- **PROMPT**
Every line below needs to be printed again exactly, without any of its pictures.

- **STORED DATA**
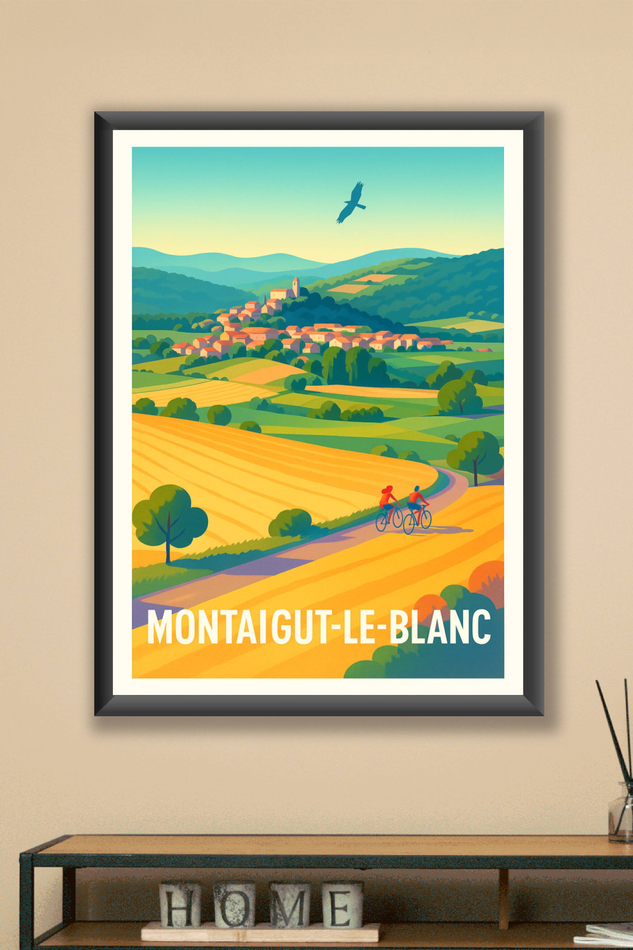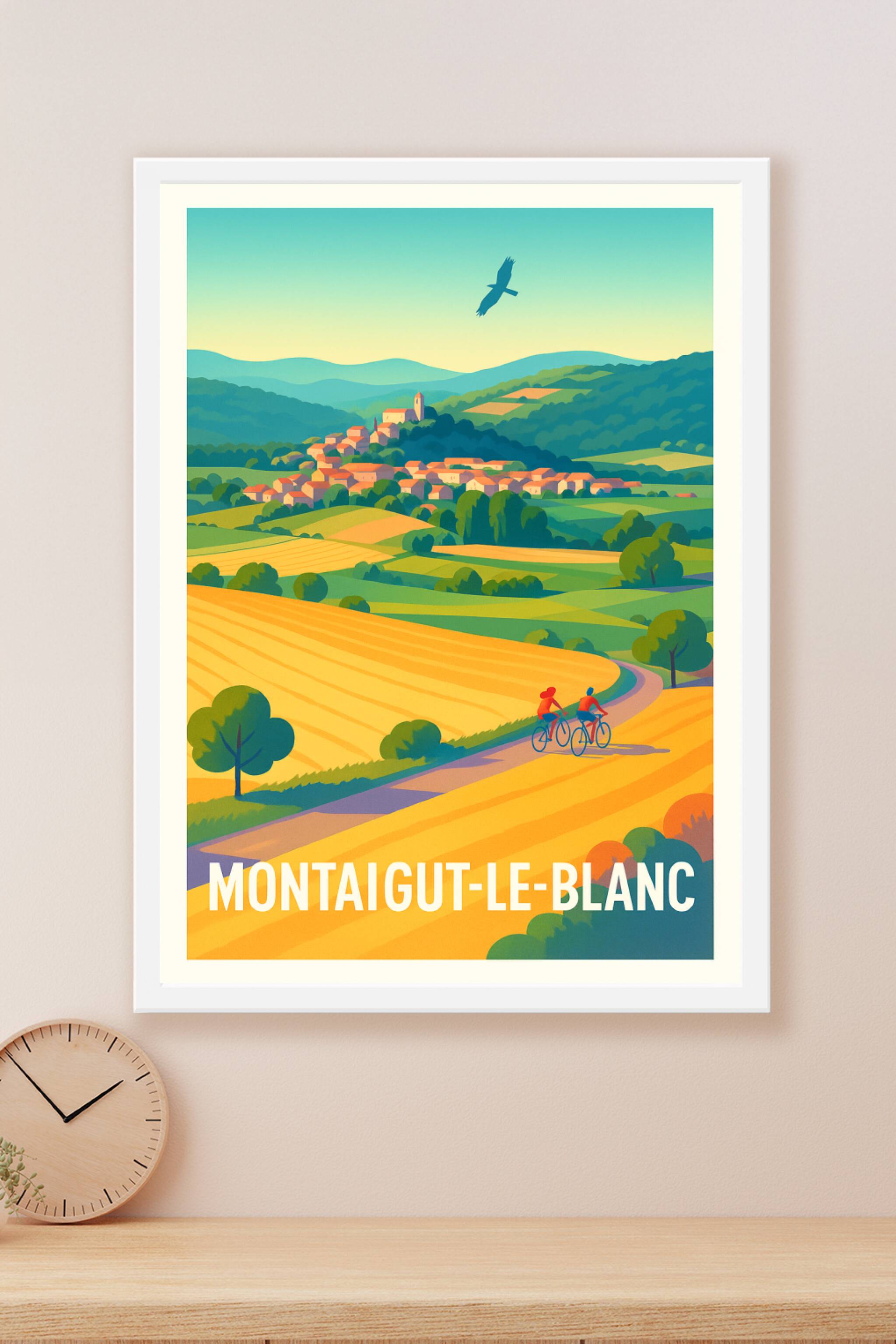 Appréciez la sérénité et la beauté champêtre de Montaigut-le-Blanc avec cette affiche illustrée aux couleurs chaudes et harmonieuses. Le poster représente un paysage vallonné typique, où deux cyclistes parcourent une route sinueuse entourée de champs dorés et de collines verdoyantes.L'impression fine art garantit une qualité irréprochable, réalisée sur papier 305g coton pour des détails précis et des couleurs éclatantes. Ce poster est disponible en formats A1 à A4, avec ou sans cadre, idéal pour apporter une touche de douceur et de nature à votre décoration intérieur. Offrez-vous ce tirage premium, fabriqué en France, qui sublimera votre espace et ravira les amoureux de paysages authentiques.
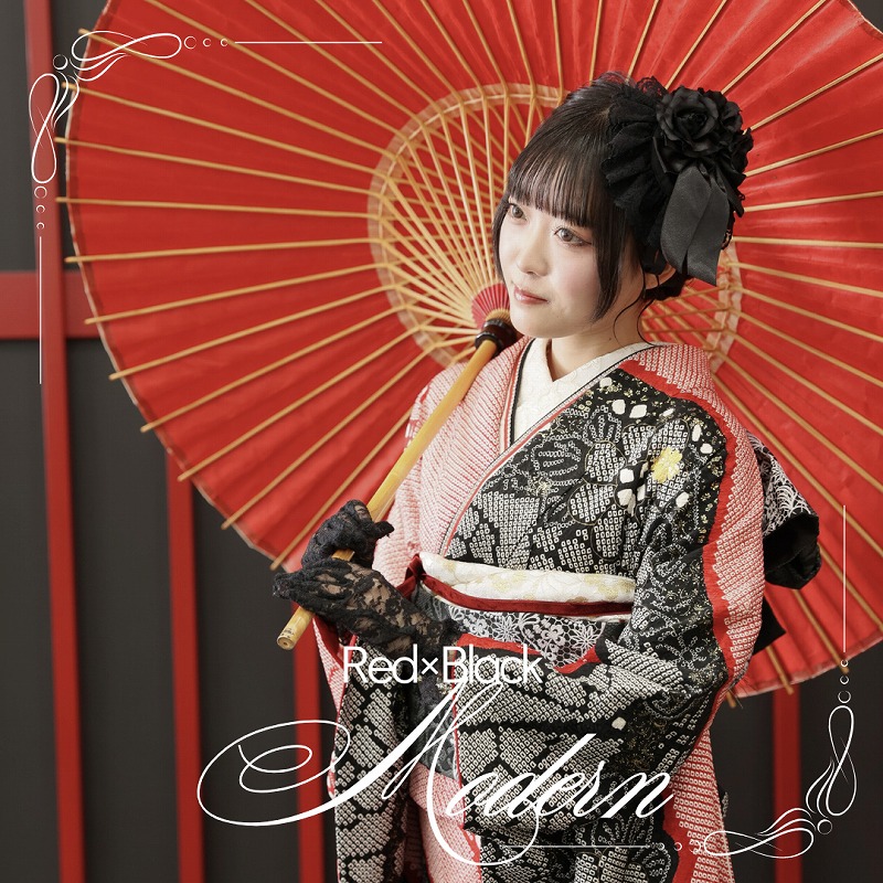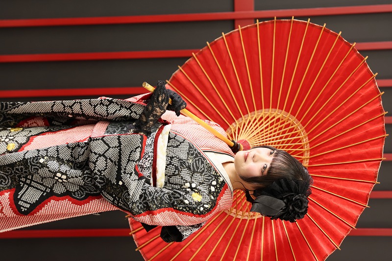衿元にも赤と黒の重ね衿を入れて統一感を出して
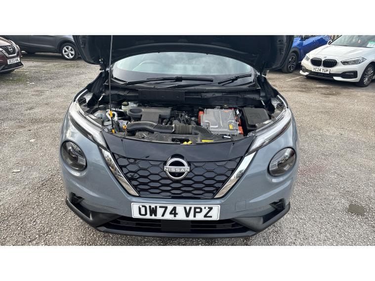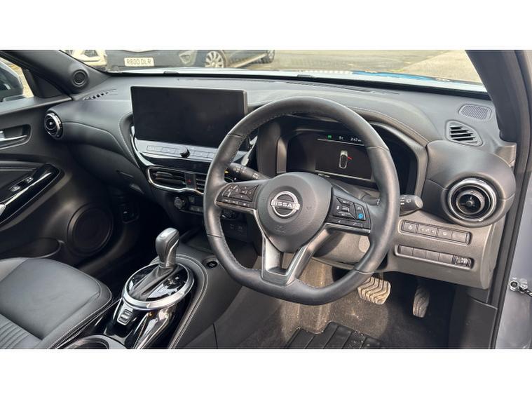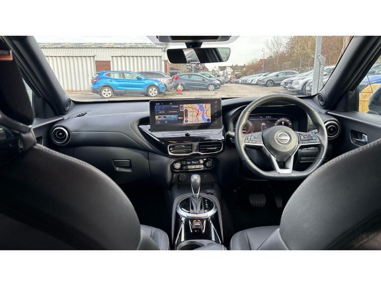 Nissan Juke 1.6 Hybrid Tekna 5dr Auto Hybrid Hatchback, , The Nissan Juke has styling like no other and a decent amount of standard equipment. The Nissan Juke is one of the most divisive cars on the road thanks to its outlandish styling, but underneath the metalwork is a sensible small SUV thats affordable and well equipped. Though for funky looks, the Juke is still king. The swept-back LED strips above massive, round headlights, low roofline and mass of creases along its doors and wheel arches come together in what is one of the most out-there cars on sale. We still cant tell if its handsome, but the Juke is certainly attention grabbing. The cabin isnt as zany as the exterior, with wraparound door cards enveloping the dashboard and a widescreen infotainment display offset above the air vents. Material quality is good, with an Alcantara strip behind the touchscreen elevating things slightly. With most Nissan Jukes set for a lifetime of running around town, its no surprise to learn this is where its best suited. A high-set driving position means youve got a good view of the road ahead, and suitably light steering makes it a breeze to park. With 422 litres to work with in the boot, the Nissan Juke is pretty much par for the course in its class. For context, a VW T-Cross takes the cake with 455 litres, while the Renault Captur matches the Juke. A Skoda Kamiq offers less than all of these at 400 litres. You need the load floor in its higher position if you want it to be level with the 60-40 split-and-fold rear seats when they are tipped forward. With this done, the Juke has up to 1, 305 litres of load capacity, which is among the best among its peers. All versions of the Juke are equipped with a 12.3-inch touchscreen infotainment system. This is a big improvement on the setup previously fitted to the Juke - it's clear, bright and responsive, though certain aspects of the interface are easy to use. It does come equipped with Android Auto and Apple CarPlay - allowing you to seamlessly run your phone apps through the screen.
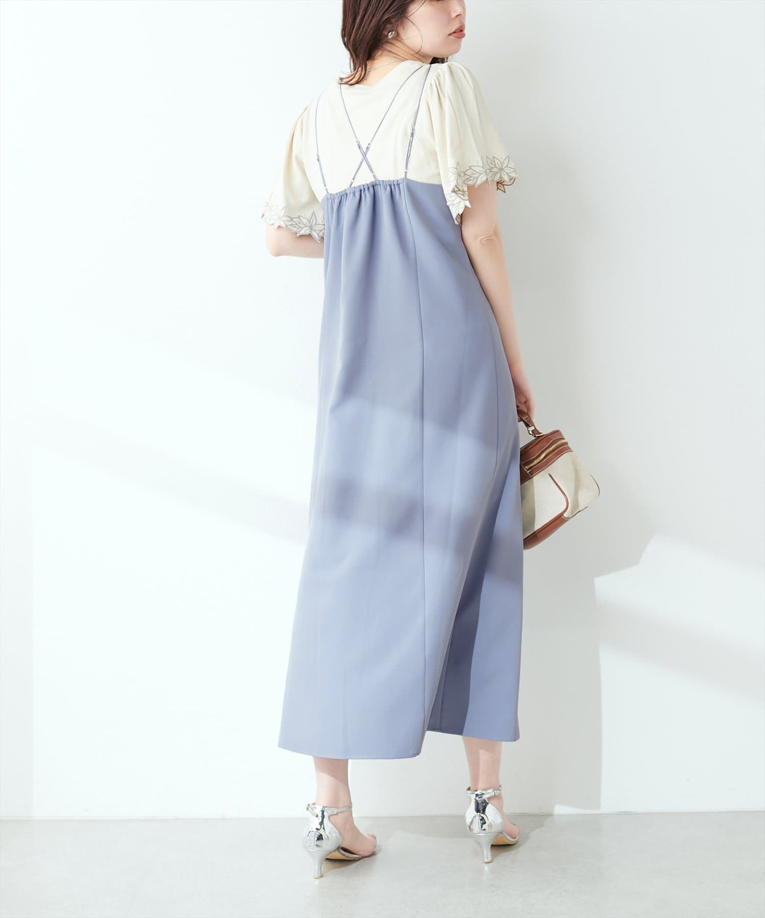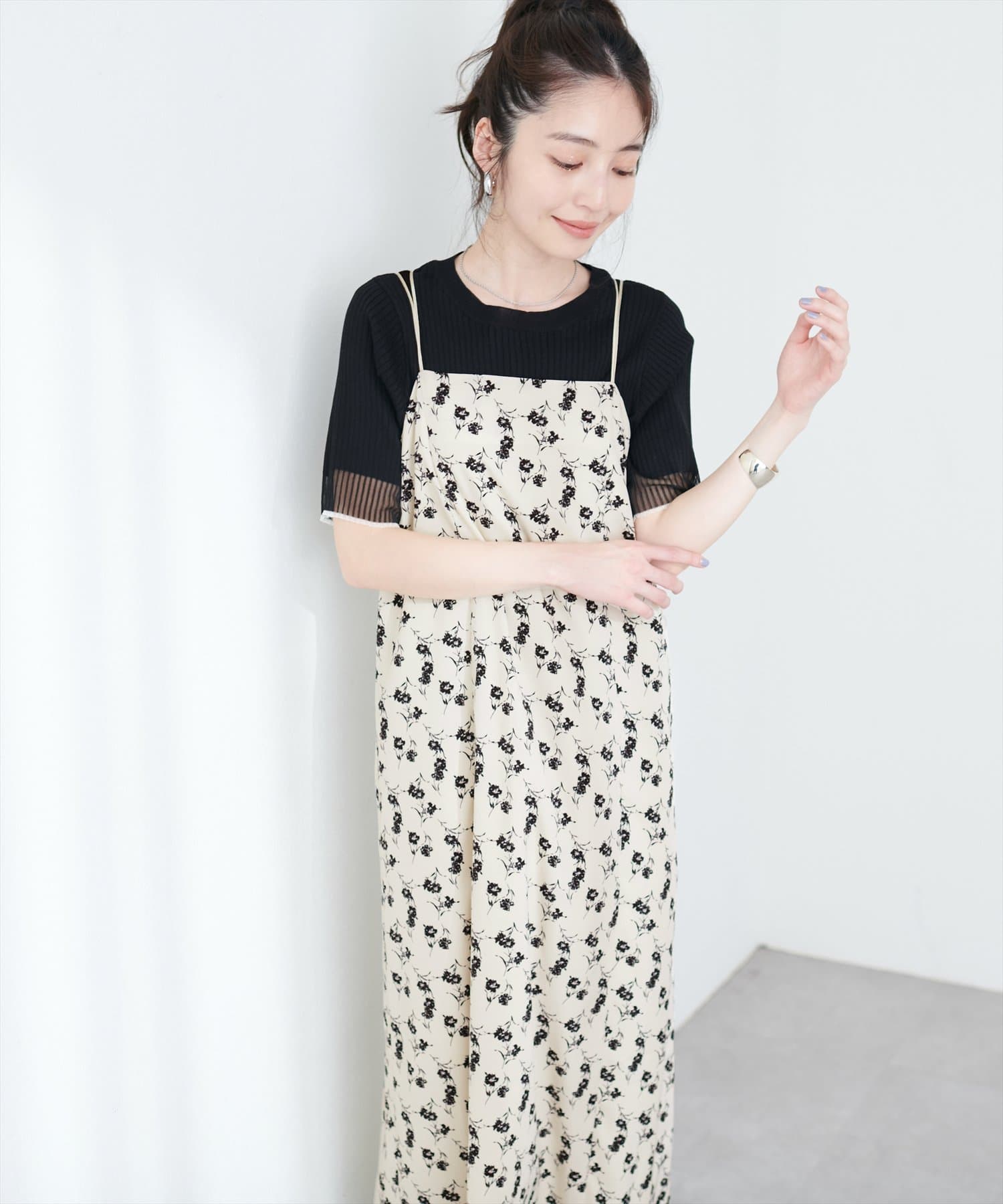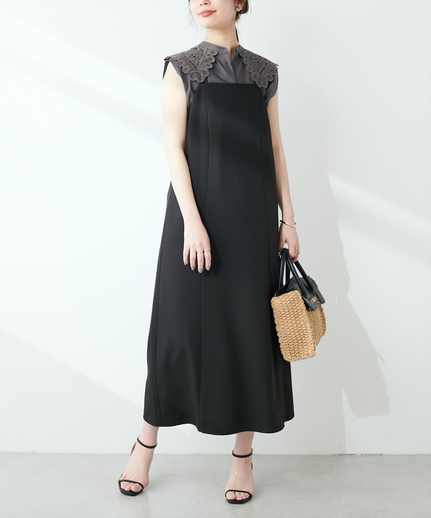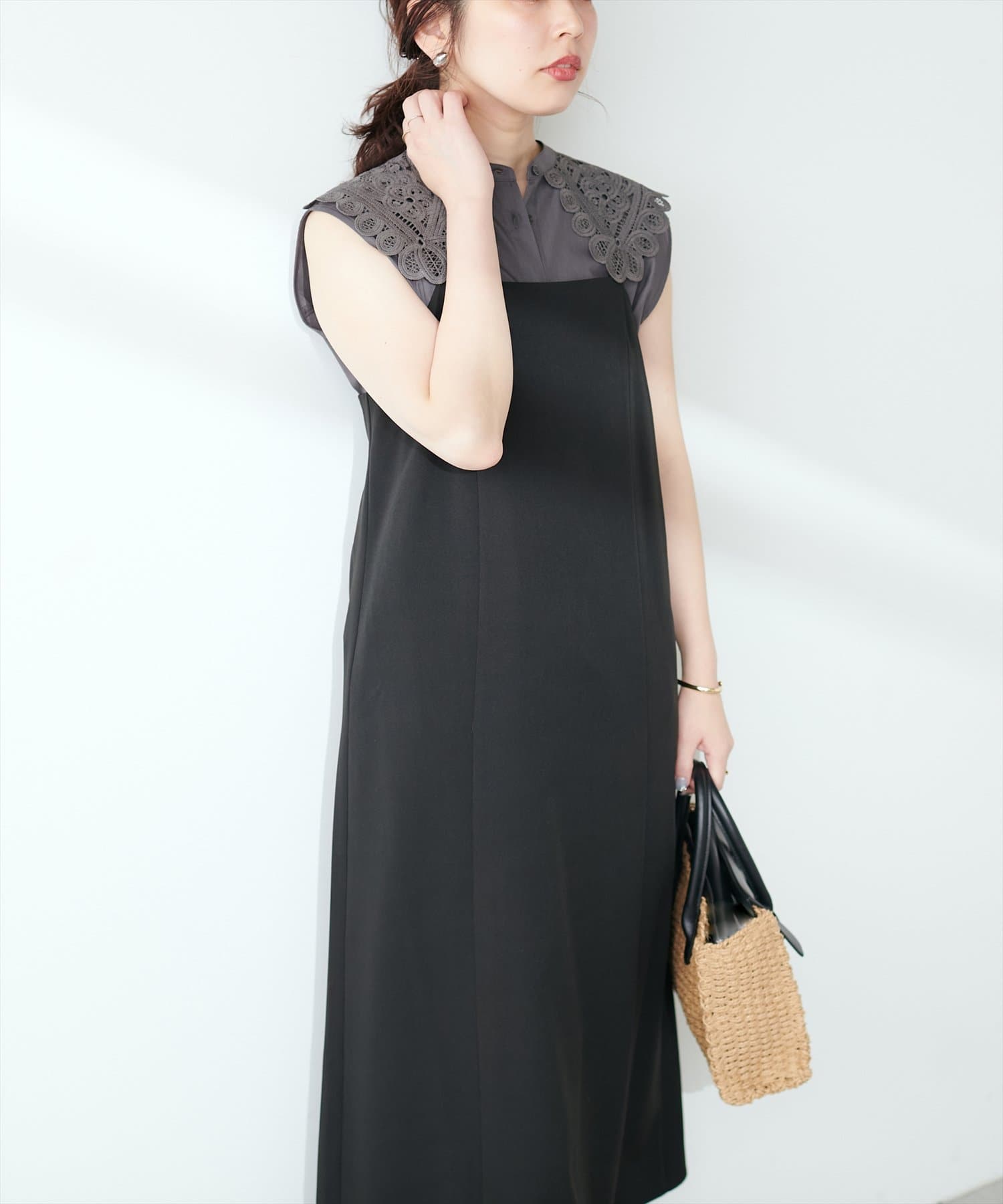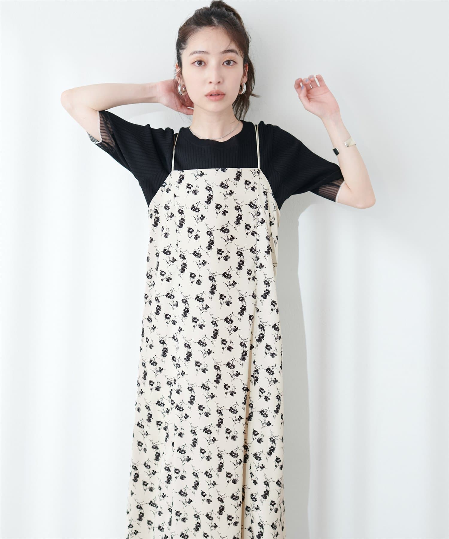 華奢なストラップがフェミニンな印象のシンプルなキャミワンピース。

- **WRITTEN SOLUTION**
 Appréciez la sérénité et la beauté champêtre de Montaigut-le-Blanc avec cette affiche illustrée aux couleurs chaudes et harmonieuses. Le poster représente un paysage vallonné typique, où deux cyclistes parcourent une route sinueuse entourée de champs dorés et de collines verdoyantes.L'impression fine art garantit une qualité irréprochable, réalisée sur papier 305g coton pour des détails précis et des couleurs éclatantes. Ce poster est disponible en formats A1 à A4, avec ou sans cadre, idéal pour apporter une touche de douceur et de nature à votre décoration intérieur. Offrez-vous ce tirage premium, fabriqué en France, qui sublimera votre espace et ravira les amoureux de paysages authentiques.
衿元にも赤と黒の重ね衿を入れて統一感を出して
 Nissan Juke 1.6 Hybrid Tekna 5dr Auto Hybrid Hatchback, , The Nissan Juke has styling like no other and a decent amount of standard equipment. The Nissan Juke is one of the most divisive cars on the road thanks to its outlandish styling, but underneath the metalwork is a sensible small SUV thats affordable and well equipped. Though for funky looks, the Juke is still king. The swept-back LED strips above massive, round headlights, low roofline and mass of creases along its doors and wheel arches come together in what is one of the most out-there cars on sale. We still cant tell if its handsome, but the Juke is certainly attention grabbing. The cabin isnt as zany as the exterior, with wraparound door cards enveloping the dashboard and a widescreen infotainment display offset above the air vents. Material quality is good, with an Alcantara strip behind the touchscreen elevating things slightly. With most Nissan Jukes set for a lifetime of running around town, its no surprise to learn this is where its best suited. A high-set driving position means youve got a good view of the road ahead, and suitably light steering makes it a breeze to park. With 422 litres to work with in the boot, the Nissan Juke is pretty much par for the course in its class. For context, a VW T-Cross takes the cake with 455 litres, while the Renault Captur matches the Juke. A Skoda Kamiq offers less than all of these at 400 litres. You need the load floor in its higher position if you want it to be level with the 60-40 split-and-fold rear seats when they are tipped forward. With this done, the Juke has up to 1, 305 litres of load capacity, which is among the best among its peers. All versions of the Juke are equipped with a 12.3-inch touchscreen infotainment system. This is a big improvement on the setup previously fitted to the Juke - it's clear, bright and responsive, though certain aspects of the interface are easy to use. It does come equipped with Android Auto and Apple CarPlay - allowing you to seamlessly run your phone apps through the screen.
 華奢なストラップがフェミニンな印象のシンプルなキャミワンピース。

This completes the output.